Here’s a full example:
#include <array>
#include <iostream>
struct House
{
int number{};
int stories{};
int roomsPerStory{};
};
int main()
{
constexpr std::array<House, 3> houses {{ // note double braces
{ 13, 1, 7 },
{ 14, 2, 5 },
{ 15, 2, 4 }
}};
for (const auto& house : houses)
{
std::cout << "House number " << house.number
<< " has " << (house.stories * house.roomsPerStory)
<< " rooms.\n";
}
return 0;
}
Brace elision for aggregates
Given the explanation above, you may be wondering why the above case requires double braces, but all other cases we’ve seen only require single braces:
#include <array>
#include <iostream>
int main()
{
constexpr std::array<int, 5> arr { 1, 2, 3, 4, 5 }; // single braces
for (const auto n : arr)
std::cout << n << '\n';
return 0;
}
It turns out that you can supply double braces for such arrays:
#include <array>
#include <iostream>
int main()
{
constexpr std::array<int, 5> arr {{ 1, 2, 3, 4, 5 }}; // double braces
for (const auto n : arr)
std::cout << n << '\n';
return 0;
}
However, aggregates in C++ support a concept called brace elision, which lays out some rules for when multiple braces may be omitted. Generally, you can omit braces when initializing a std::array
with scalar (single) values, or when initializing with class types or arrays where the type is explicitly named with each element.

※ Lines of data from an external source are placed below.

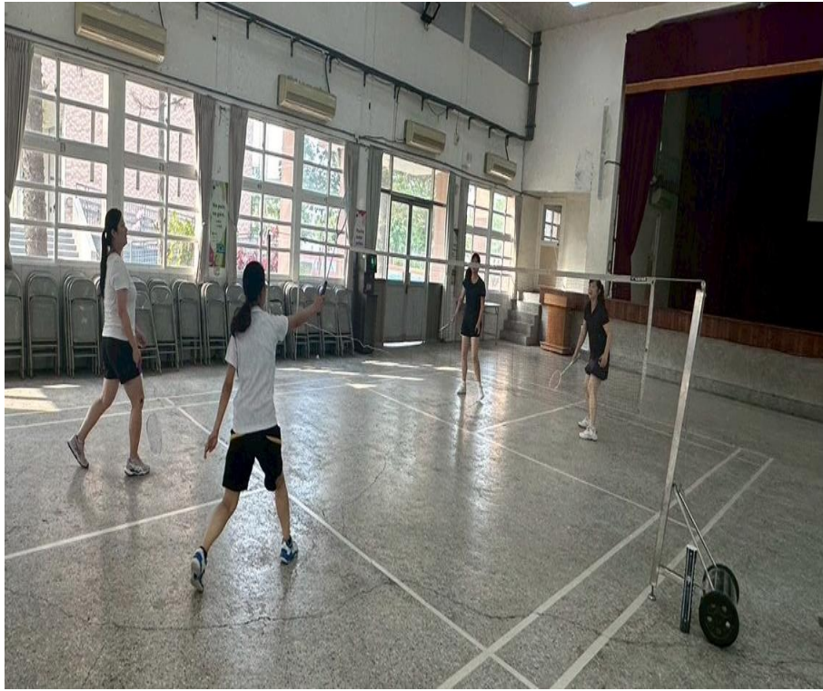
老師成立羽球社團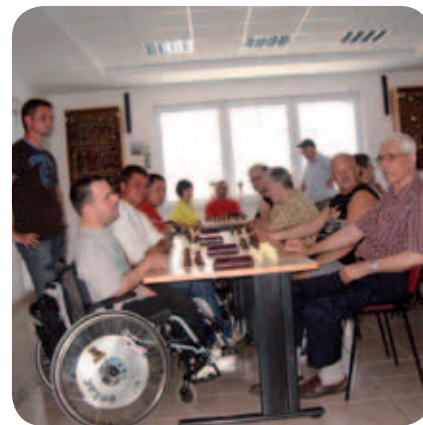
Kljub visoki temperaturi so možgani morali delati.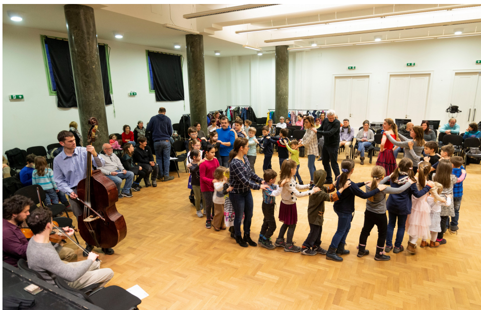
Magyar táncház közben az altemplomban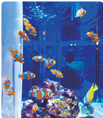
校舎入り口のロビー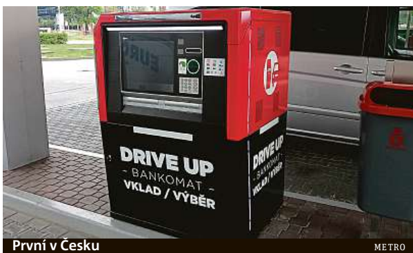
První v Česku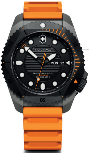
VICTORINOX Masculino Dive Pro Automático Titânio Laranja Referência: R-VT-00221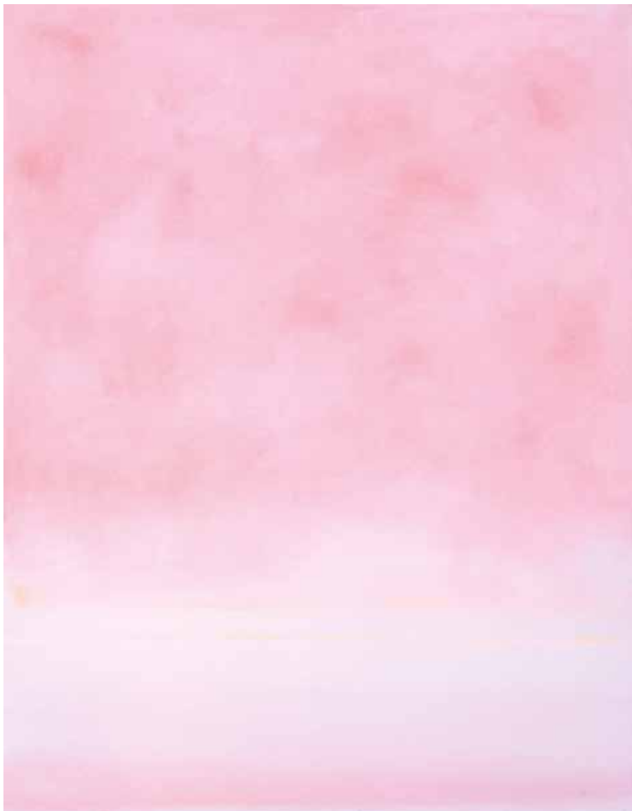
R.9 - 265 (Bellezza assoluta), 2009 Olio su tela, cm 91 x 70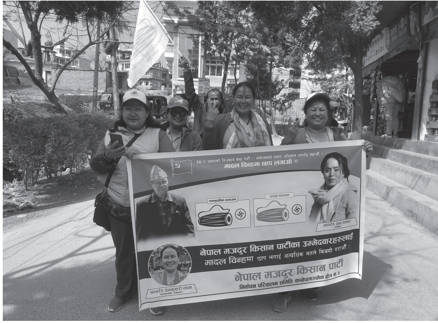
काभ्रेपलाञ्चोक क्षेत्र नं. २ नाला र बनेपामा नेपाल मजदुर किसान पार्टीको घरदैलो प्रचारप्रसार २०८२ फागुन ११ गते सोमबार।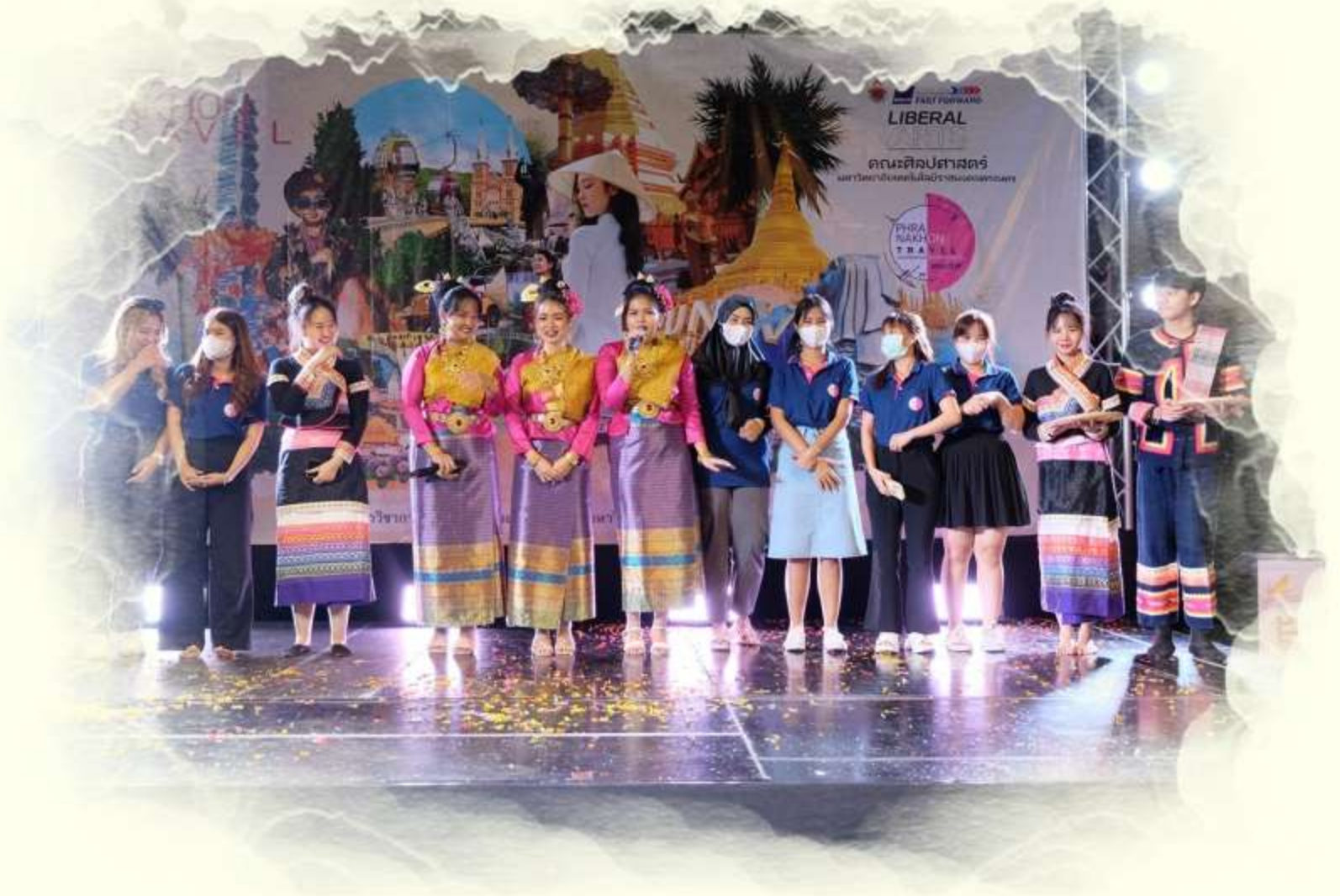
โปรแกรมที่ 9 สิงคโปร์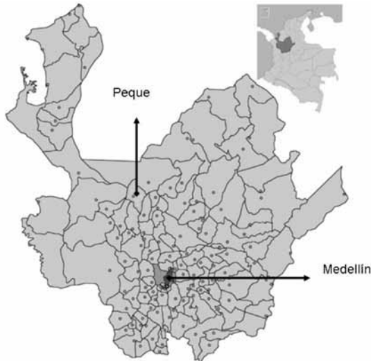
FIGURA 1. UBICACIÓN GEOGRÁFICA DEL MUNICIPIO DE PEQUE EN EL DEPARTAMENTO DE ANTIOQUIA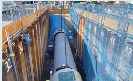
既設FRPM管φ1500に鋼管φ1350を挿入し耐震化

There is no harm in always initializing std::array
with double braces, as it avoids having to think about whether brace-elision is applicable in a specific case or not. Alternatively, you can try to single-brace init, and the compiler will generally complain if it can’t figure it out. In that case, you can quickly add an extra set of braces.
Another example
Here’s one more example where we initialize a std::array
with Student
structs.
#include <array>
#include <iostream>
#include <string_view>
// Each student has an id and a name
struct Student
{
int id{};
std::string_view name{};
};
// Our array of 3 students (single braced since we mention Student with each initializer)
constexpr std::array students{ Student{0, "Alex"}, Student{ 1, "Joe" }, Student{ 2, "Bob" } };
const Student* findStudentById(int id)
{
// Look through all the students
for (auto& s : students)
{
// Return student with matching id
if (s.id == id) return &s;
}
// No matching id found
return nullptr;
}
int main()
{
constexpr std::string_view nobody { "nobody" };
const Student* s1 { findStudentById(1) };
std::cout << "You found: " << (s1 ? s1->name : nobody) << '\n';
const Student* s2 { findStudentById(3) };
std::cout << "You found: " << (s2 ? s2->name : nobody) << '\n';
return 0;
}
This prints:
You found: Joe You found: nobody
Note that because std::array students
is constexpr, our findStudentById()
function must return a const pointer, which means our Student
pointers in main()
must also be const.
Quiz time
Question #1
Define a struct named Item
that contains two members: std::string_view name
and int gold
. Define a std::array
and initialize it with 4 Item objects, explicitly specifying the element type for each initializer.
The program should print the following:
A sword costs 5 gold. A dagger costs 3 gold. A club costs 2 gold. A spear costs 7 gold.
Question #2
Update your solution to quiz 1 to not explicitly specify the element type for each initializer.